Your content is the product. You need negotiating leverage for licensing, EU DSM Article 4 opt-out preserved as a legal artifact, or evidence positioning in pending litigation. Blocking training is the load-bearing signal.

# Publisher default · 2026
# Opt out of LLM training (MEMORY)
User-agent: GPTBot
User-agent: ClaudeBot
User-agent: PerplexityBot
User-agent: CCBot
User-agent: Bytespider
User-agent: Meta-ExternalAgent
User-agent: Google-Extended
User-agent: Applebot-Extended
Disallow: /

# Allow search index + live retrieval (SEARCH + FETCH)
User-agent: OAI-SearchBot
User-agent: Claude-SearchBot
User-agent: ChatGPT-User
User-agent: Claude-User
User-agent: Perplexity-User
User-agent: Meta-ExternalFetcher
User-agent: Amazonbot
User-agent: Applebot
Allow: /

The reasoning: Should you block AI bots? — the publisher decision framework.

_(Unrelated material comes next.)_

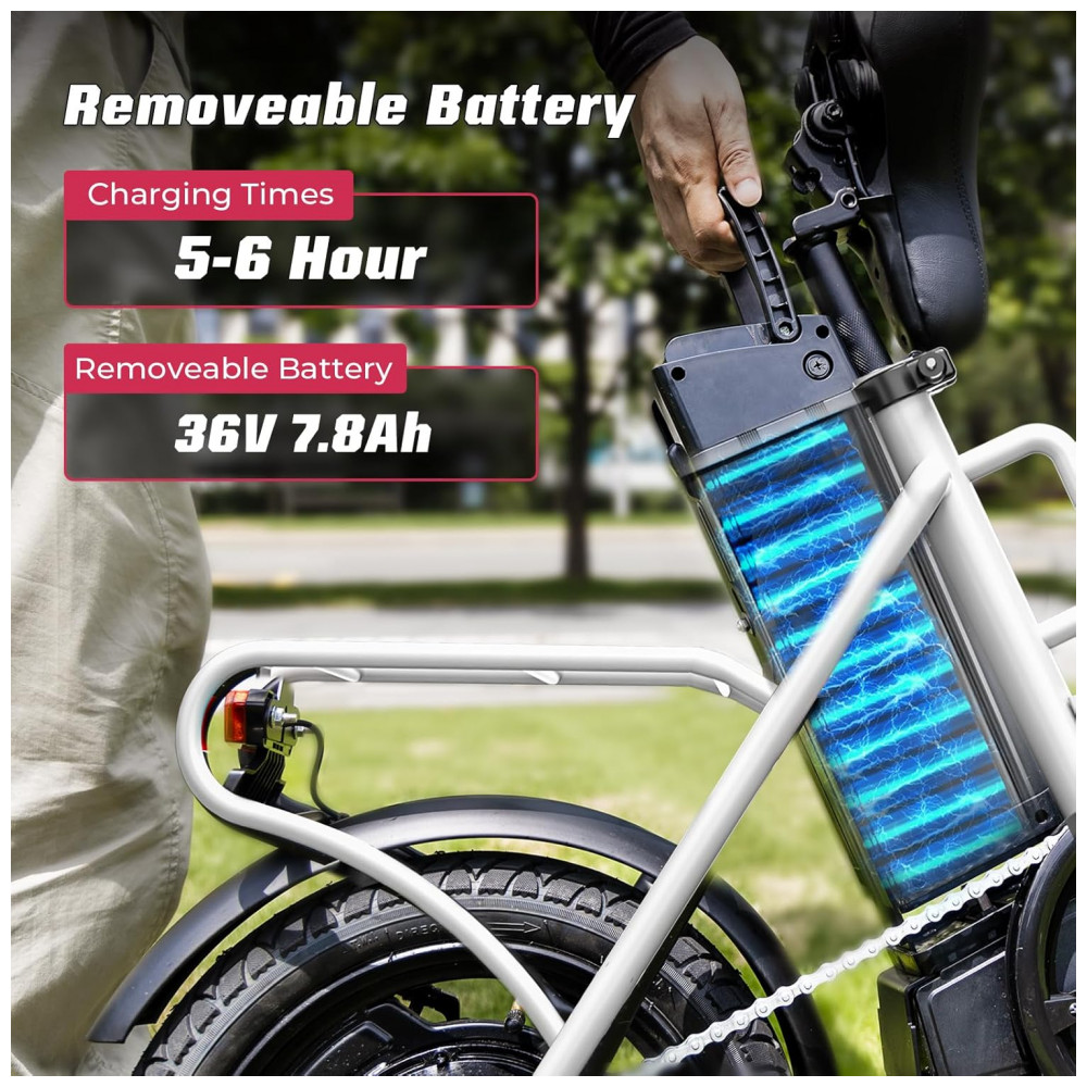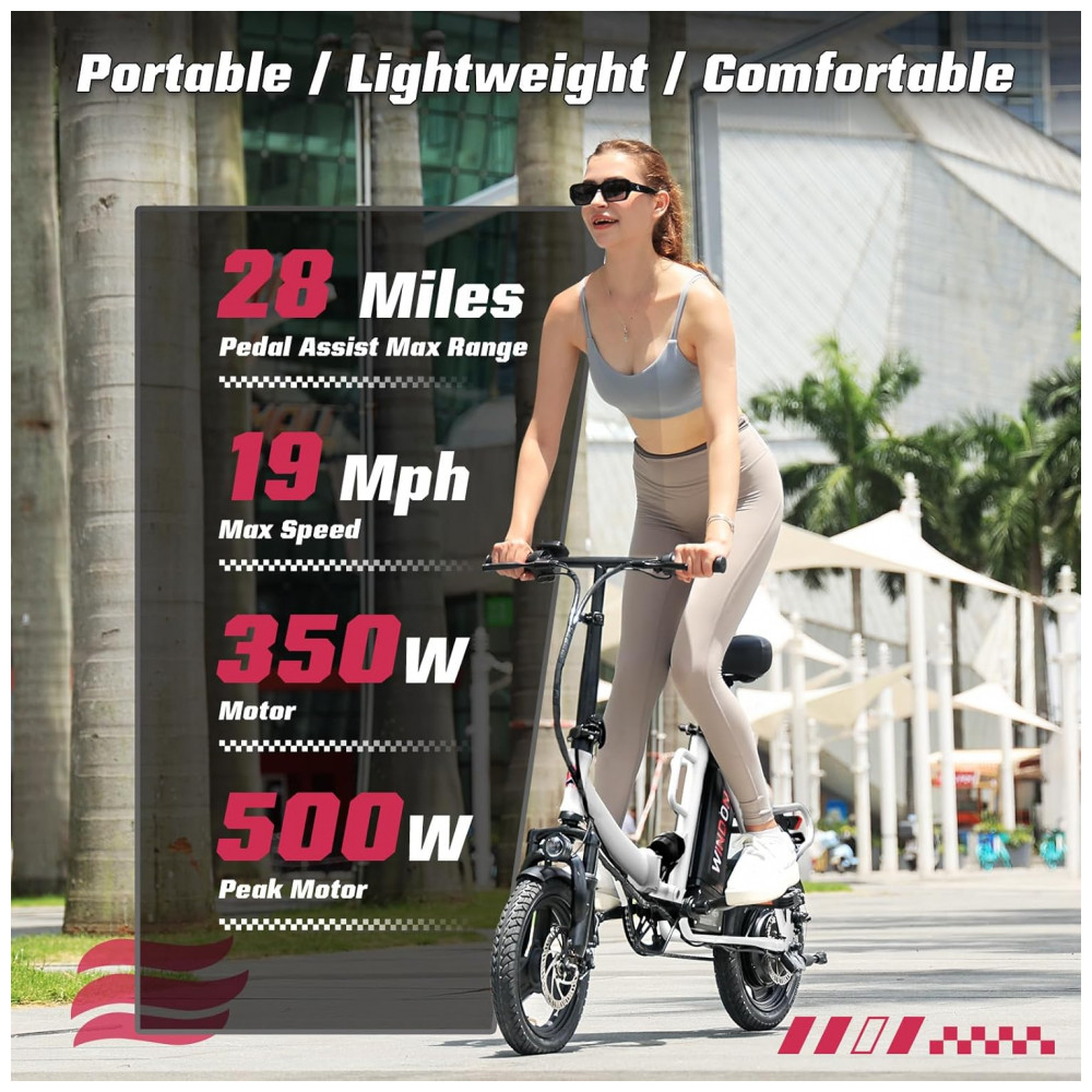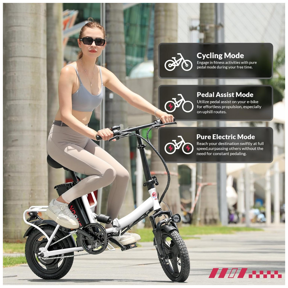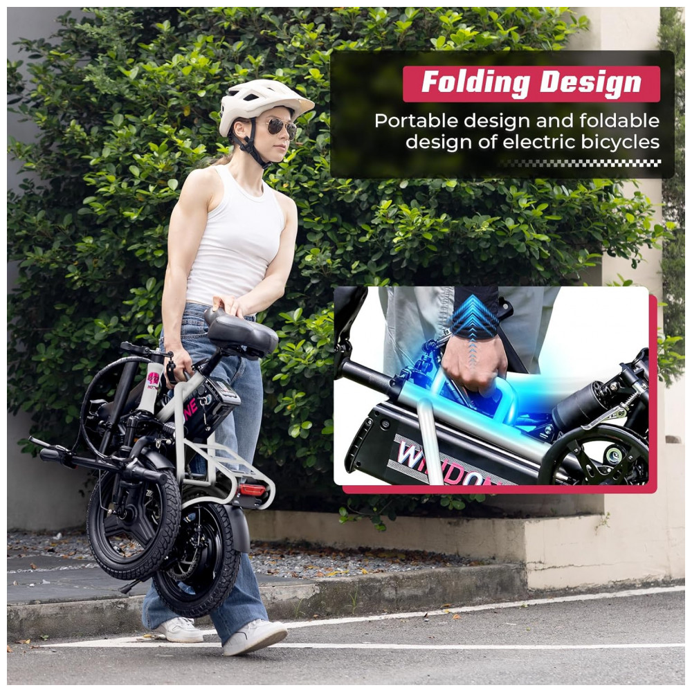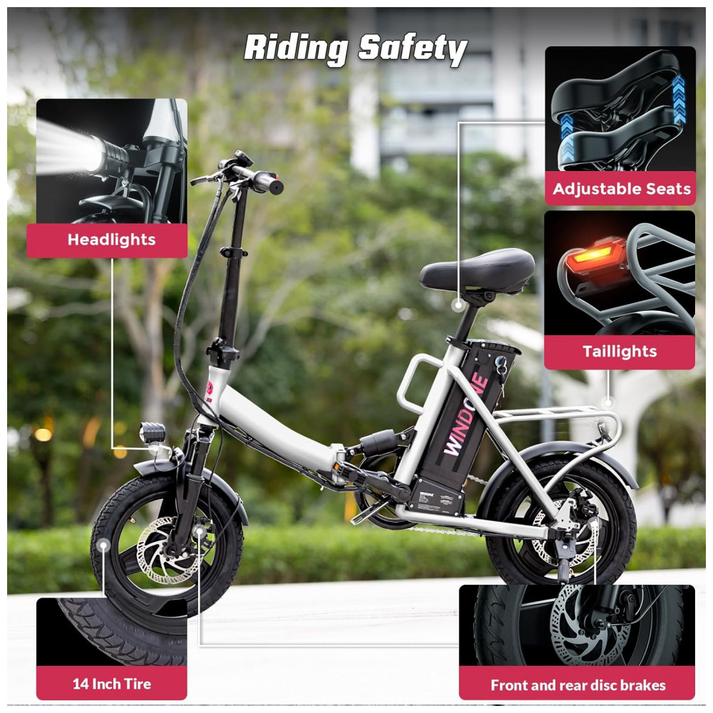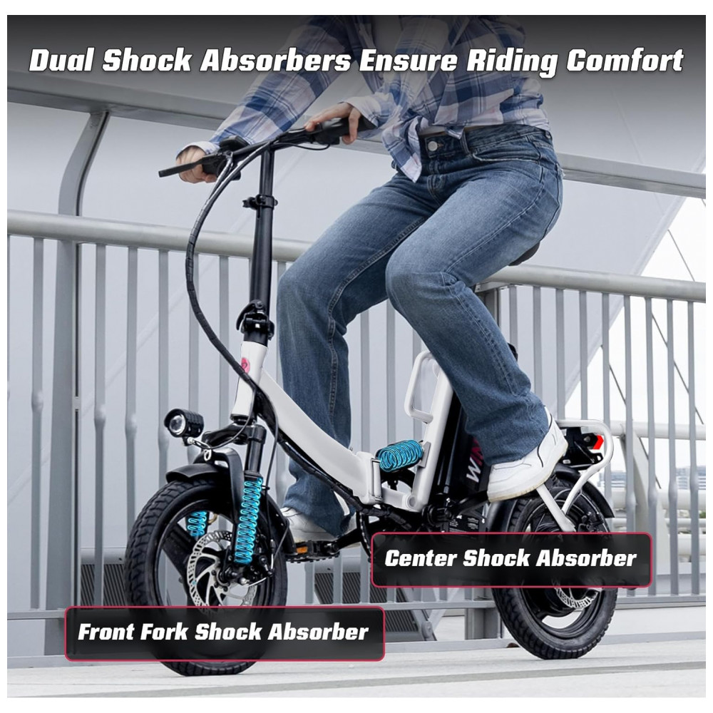 Eficiência sem Esforço! Equipada com um potente motor de 350W (pico de 500W), a bicicleta elétrica Windone S14 oferece uma experiência de pedalada perfeita com autonomia de até 45 km com assistência de pedal. Projetada para desempenho e confiabilidade, garante aceleração suave e deslocamentos sem esforço. Além disso, atende aos mais altos padrões de segurança com certificação UL 2849. Velocidade com Segurança! Cruze confortavelmente a até 30 km/h, garantindo sua segurança com freios a disco dianteiros e traseiros que oferecem potência de frenagem confiável quando você mais precisa. Conforto Resistente! Experimente uma pedalada mais suave com o garfo dianteiro e amortecedores centrais, absorvendo cada solavanco e impacto, proporcionando o máximo de conforto em qualquer terreno. Design Adaptável! Com pneus de 14 polegadas e assento ajustável, a bicicleta elétrica dobrável foi projetada para oferecer conforto e adaptabilidade ideais, atendendo a uma ampla gama de ciclistas e preferências. Desempenho Duradouro! Equipada com uma bateria removível de 36V 7,8Ah, desfrute de passeios prolongados sem se preocupar com a falta de energia, e com tempo de carregamento de 5-6 horas, você estará de volta à estrada em pouco tempo.

A few rules that hold on either side. Reverse-DNS verification is mandatory — UA-only matching is spoofable in seconds. Every per-bot page below lists the vendor-published IP-range source, and the implementation recipes for nginx, Cloudflare, Fastly, Vercel, AWS and Apache are documented in their own post. PrerenderProxy ships this rDNS + IP-range allowlist natively — every classified-as-bot request is verified before it is served the rendered HTML, with no UA-only mode shipped. Most of the blocking that actually affects AI visibility today happens in WAF rules, not robots.txt, so audit the managed rule before assuming your robots.txt is the operative gate. And Bytespider goes on the blocklist either way: aggressive crawl patterns, no documented value exchange.